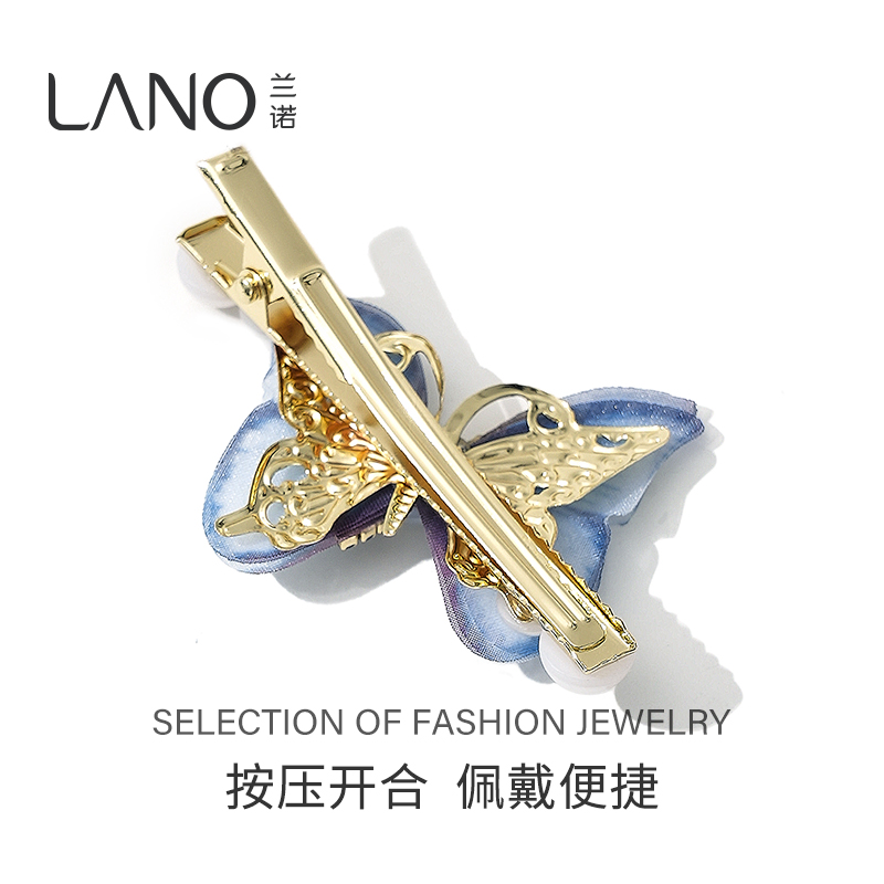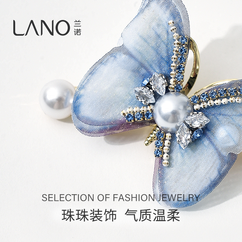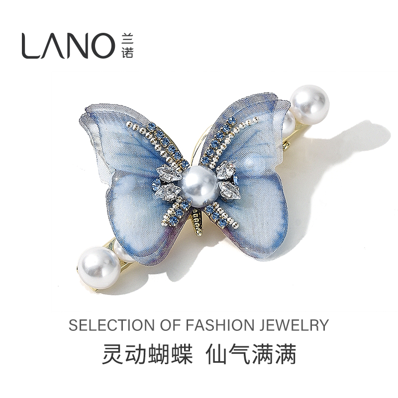 兰诺侧边蝴蝶珍珠发夹女2025年新款高端边夹蓝色夹子刘海前额发饰
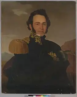 Mexía was originally a supporter of Antonio López de Santa Anna, who was elected President of Mexico on a Federalist platform.[fn 1] During Mexía's 1832 expedition, he traveled to Texas to quell the rebellion started by the Anahuac Disturbances.[7][8] As a senator for the state of México, he participated in an 1834 uprising against President Santa Anna, who had changed his politics to centralism. Two months later, he was captured by centralist forces in Jalisco and sent into exile.[3]
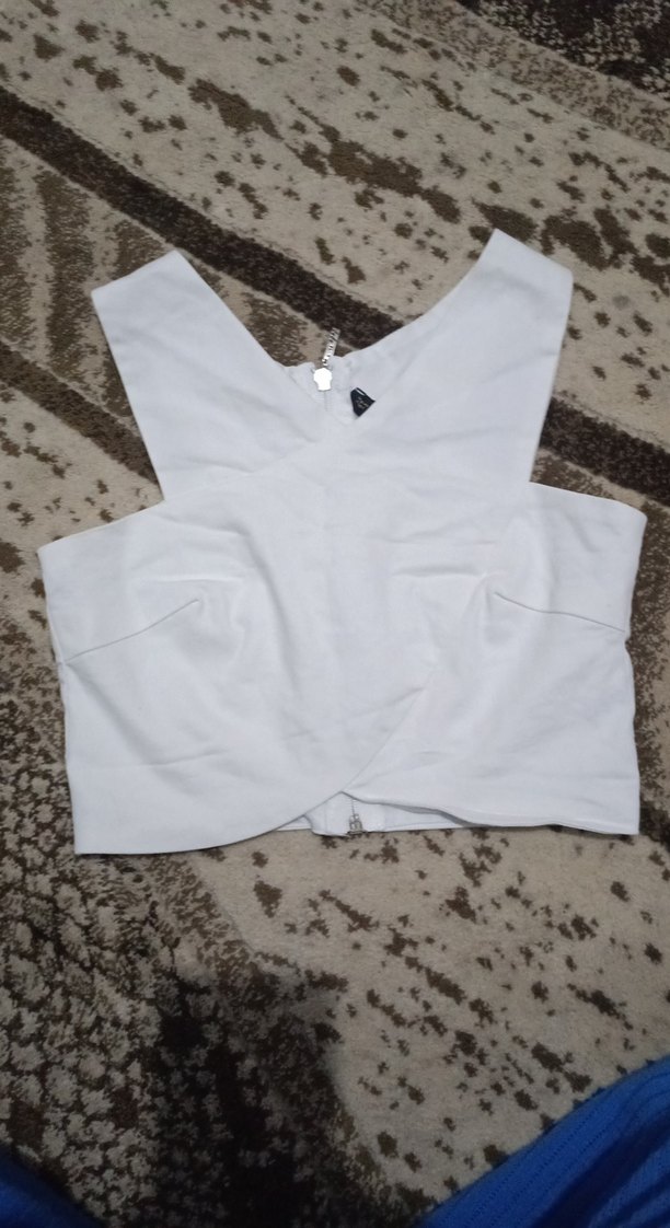 Kadın beyaz renkli, V yakalı, kısa ve fitted kesim sentetik kumaş atlet. Minimalist ve streetwear tarzda, günlük kullanıma uygun.
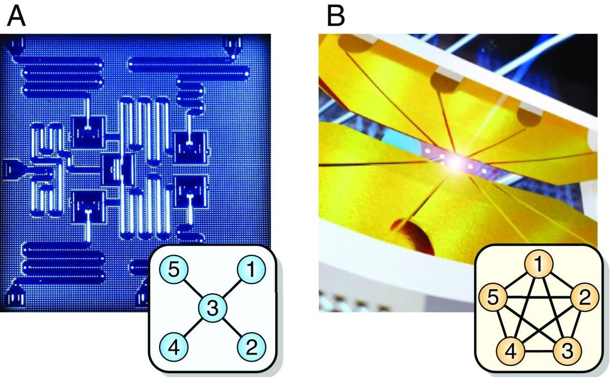1. Рис. 2. Графическое представление архитектуры квантовых компьютеров, задействованных в эксперименте [14]: А – архитектура компьютера IBM на основе сверхпроводящих кубитов, связанных микроволновыми резонаторами
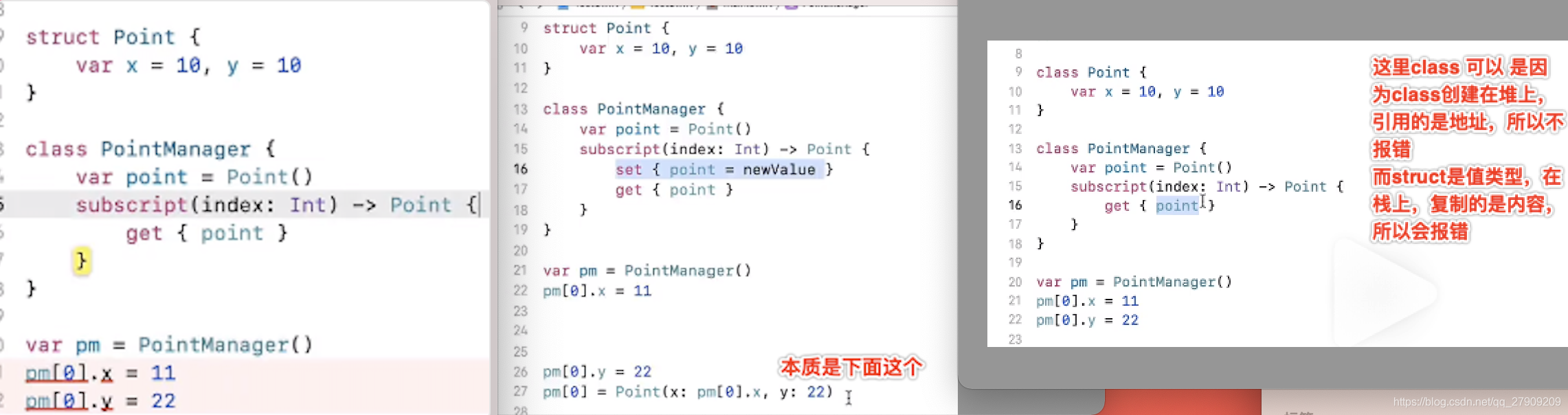 本质就是方法(函数)、不占用实例的内存,枚举、结构体、类都可以定义计算属性
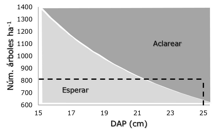 Figura 3. Gráfica de decisión para “aclarear o esperar”.
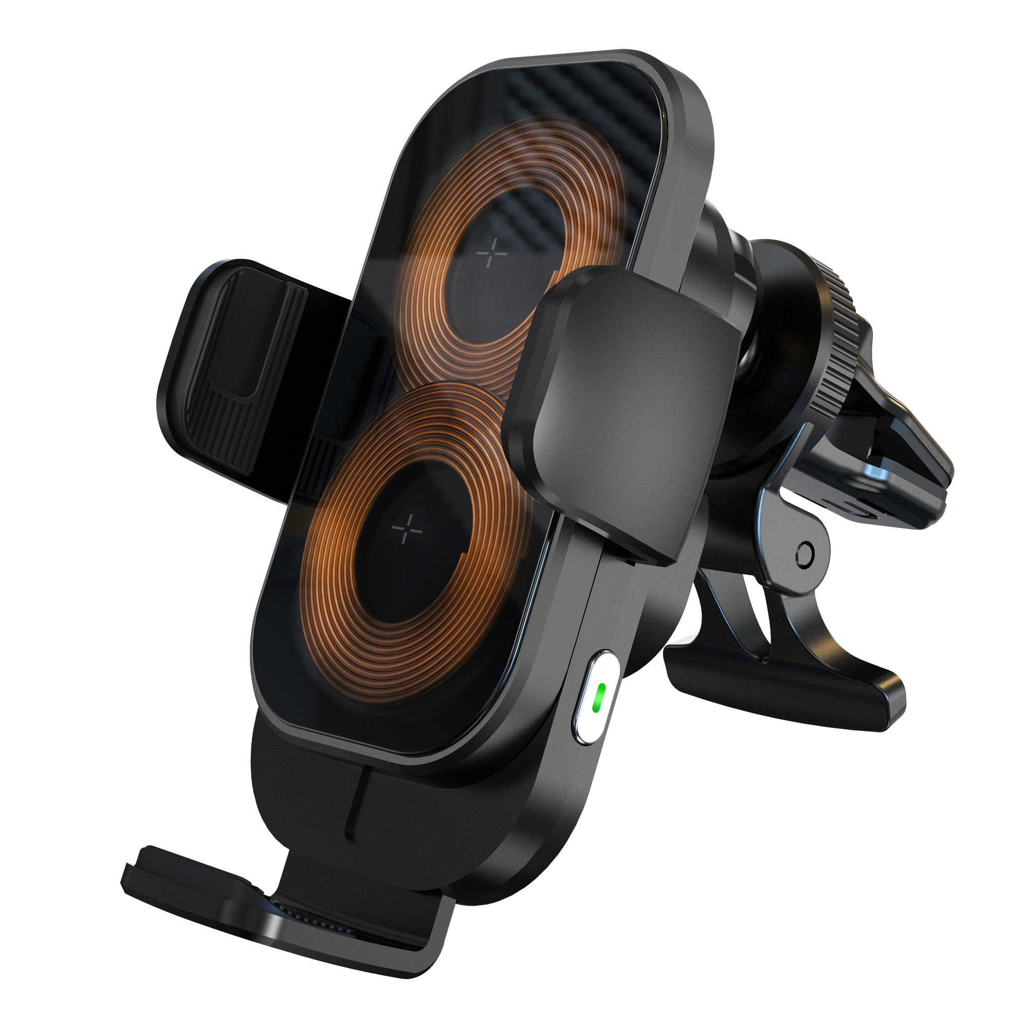 Cargador inalámbrico rápido para coche, soporte de teléfono con soporte de ventilación de aire, logotipo personalizado, 15W, alta calidad, barato
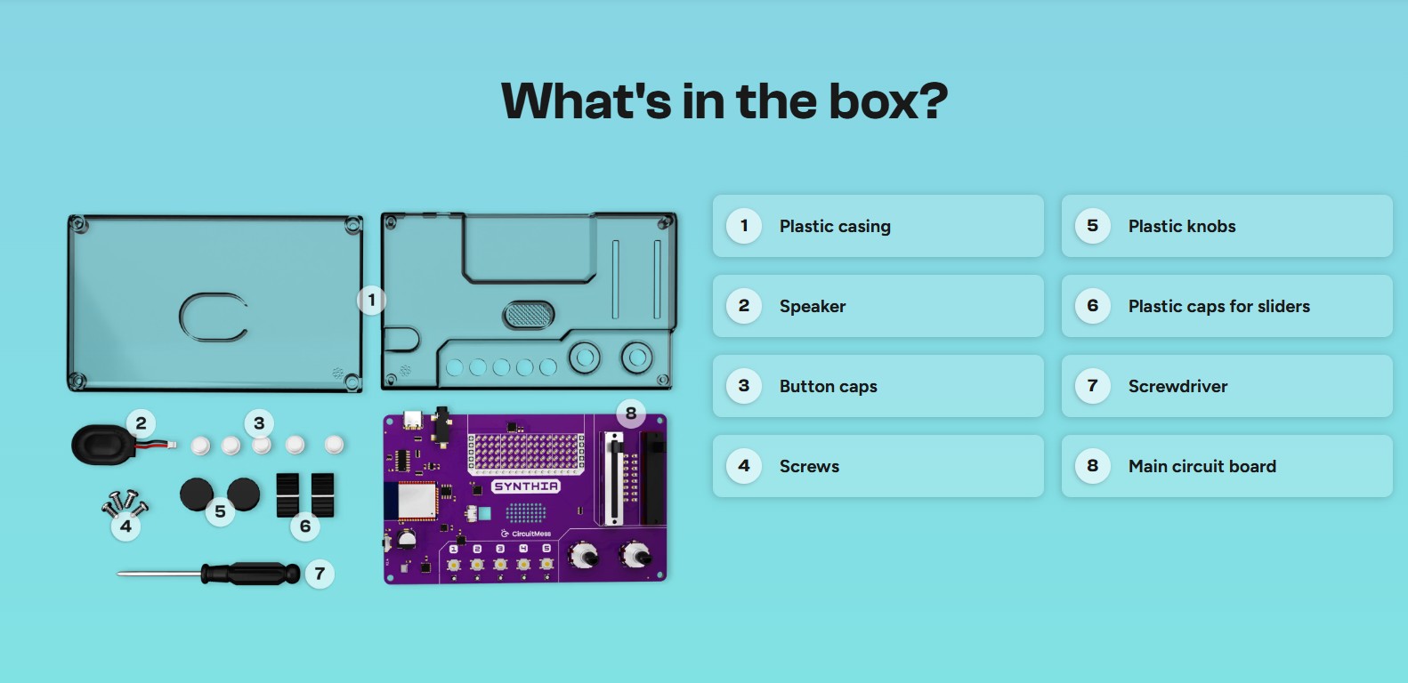 A true sound laboratory to assemble, the CircuitMess Synthia 2.0 allows you to understand how sound is created, transformed and played, while leaving plenty of room for musical and technological experimentation.
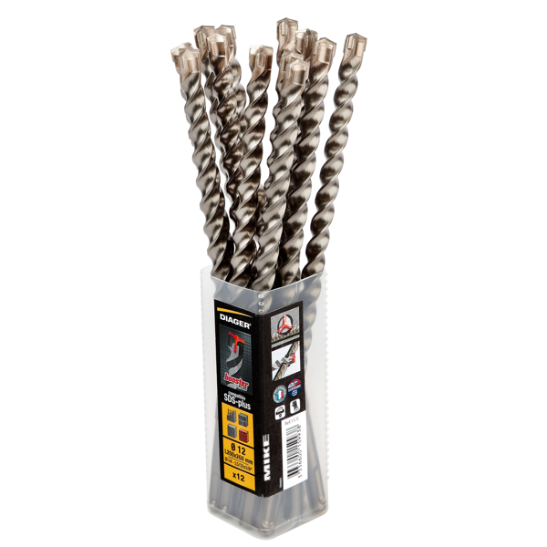 DIAGER 157L là dòng hộp 12 mũi khoan bê tông chuyên dụng, thiết kế cho máy khoan búa sử dụng chuôi SDS Plus. Mỗi mũi khoan thuộc dòng Booster Plus, có đầu hợp kim nguyên khối với 3 cạnh cắt, thích hợp khoan xuyên bê tông có cốt thép với độ chính xác và độ bền cao.
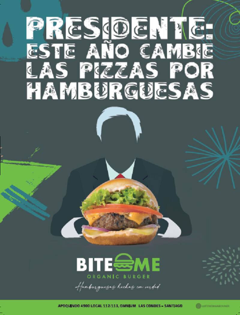 BiteMe, la nueva cadena de hambuerguesas orgánica en Chile, lanzó una creativa campaña invitando al mandatario a pasar por uno de sus locales a un año de su comentada visita a pizzería.
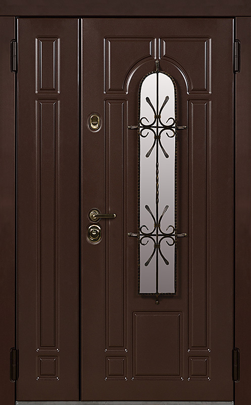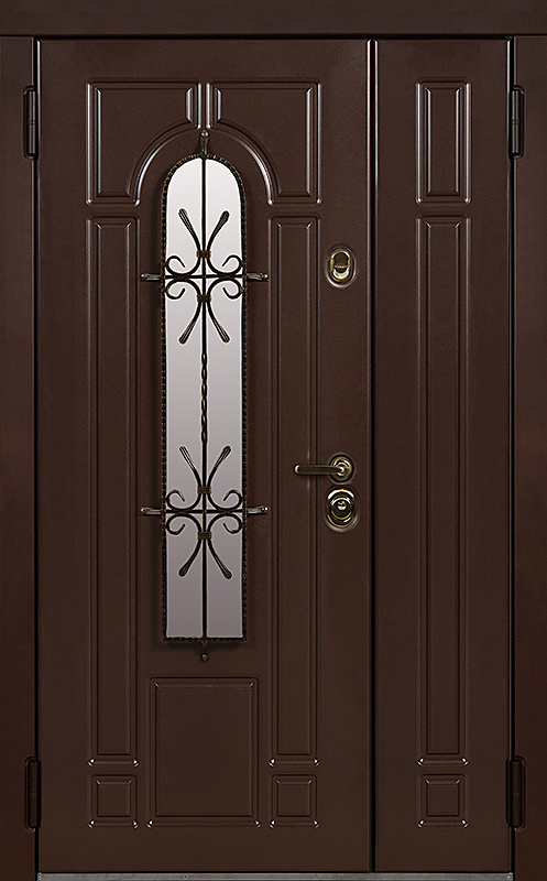 Эта металлическая двухстворчатая дверь с арочным стеклопакетом №15 представляет собой идеальный баланс между эстетикой и прочностью. Арочное стекло добавляет в её дизайн утончённость, а ковка в декоре придаёт изысканный, но в то же время крепкий и надёжный вид. Плита МДФ, используемая как для внешней, так и для внутренней отделки, не только сохраняет прекрасный внешний вид, но и устойчива к механическим повреждениям. Металлическая двухстворчатая дверь с арочным стеклопакетом №15 от производителя: быстрое изготовление и монтаж в Киржаче, индивидуальные размеры, широкий выбор материалов и фурнитуры, официальная гарантия до 10 лет.

--- --- ---

• **What to produce**
The material above holds pictures; leave them out and set down exactly the lines from the line with "Kadın beyaz renkli, V" to the line with "Figura 3. Gráfica", both included.

• **Problem solution**
 Kadın beyaz renkli, V yakalı, kısa ve fitted kesim sentetik kumaş atlet. Minimalist ve streetwear tarzda, günlük kullanıma uygun.
1. Рис. 2. Графическое представление архитектуры квантовых компьютеров, задействованных в эксперименте [14]: А – архитектура компьютера IBM на основе сверхпроводящих кубитов, связанных микроволновыми резонаторами
 本质就是方法(函数)、不占用实例的内存,枚举、结构体、类都可以定义计算属性
 Figura 3. Gráfica de decisión para “aclarear o esperar”.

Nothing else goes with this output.